How we build home

A graphic, the main text reading "How We Build Home". Above this is the GEM logo - GEM in letters that are purple amethyst. The smaller text under the logo reads "GEM Research Collective presents". Under the main title two lines of text read "An exhibition by GEM Research Collective/supported by Centre for Studies of Home and The Museum of the Home". The background of the graphic is a photogra[h of a starry night sky, tiny blurry dots of stars and wisps of clouds at the bottom of the image.

Home includes so much. So much joy, tenderness, heartbreak and sorrow. So many moments where we feel lost in ourselves, overwhelmed by the waves of grief and trauma that move beyond the specific places that we’re in. So many knots formed and tended to, with loved ones that are both near and far. Our focus is on these intertwined moments of finding ourselves: we’re building space to insist on home, in this world that prefers to devalue our existence. We have all of these different spaces where we make home with each other, even when we’re not physically in the same space – through Skype calls, the various social media apps, and work projects that we’re still talking/thinking through. 
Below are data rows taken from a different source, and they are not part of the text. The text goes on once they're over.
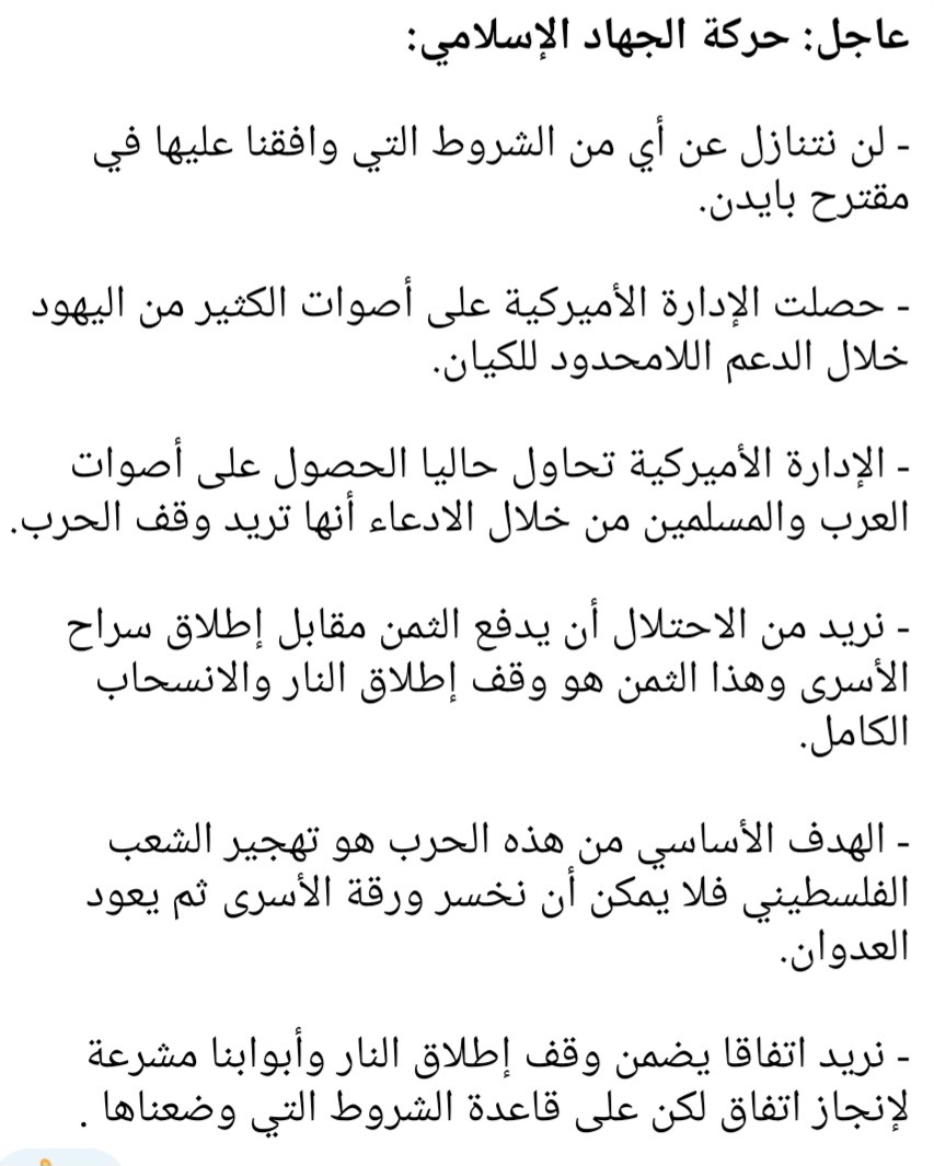 Esirlerin serbest bırakılmasının bedelini işgalcilerin ödemesini istiyoruz ve bu bedel ateşkes ve tamamen geri çekilmedir.
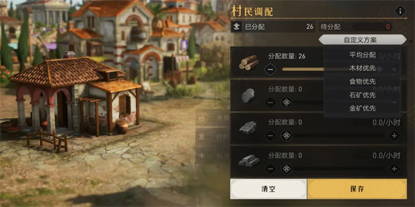 建设居民房舍后,可以调配里面的村民,按需生产四种材料。
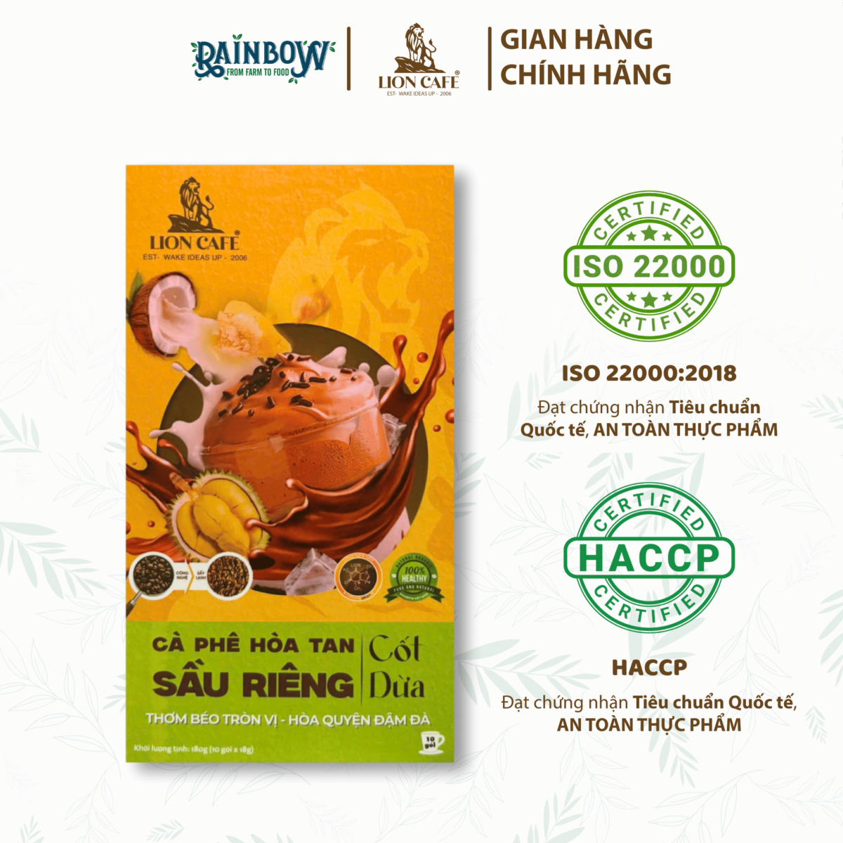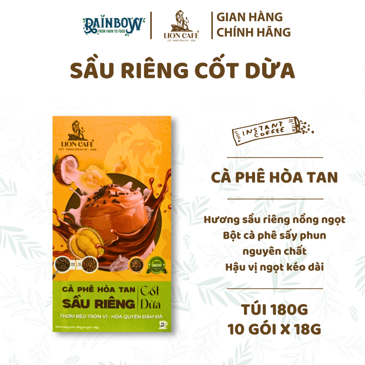 - Tên sản phẩm: LION CAFE – Cà phê hòa tan 4in1 – Sầu Riêng Cốt Dừa

So really, this project is first and foremost to and for us: Wasi Daniju and Azeezat Johnson. It’s about us choosing ourselves and each other, trusting that choice as the grounds for a completely different reality. And that’s been heavy work: we’re having to imagine hope and ease while still facing the brutalisation and inequities that inform our realities.

Undoubtedly, we make mistakes, and feel our different lived experiences rub up against one another. Yet it’s such a gift to be sure in the knowledge that both of us are committed to tending our interconnected sores/bruises as gently as possible, to know we can grow together, that we can learn how to tend to ourselves by honouring the connections beyond ourselves (also see Starry Nights). This is such an integral part of the power of the homes we’re building.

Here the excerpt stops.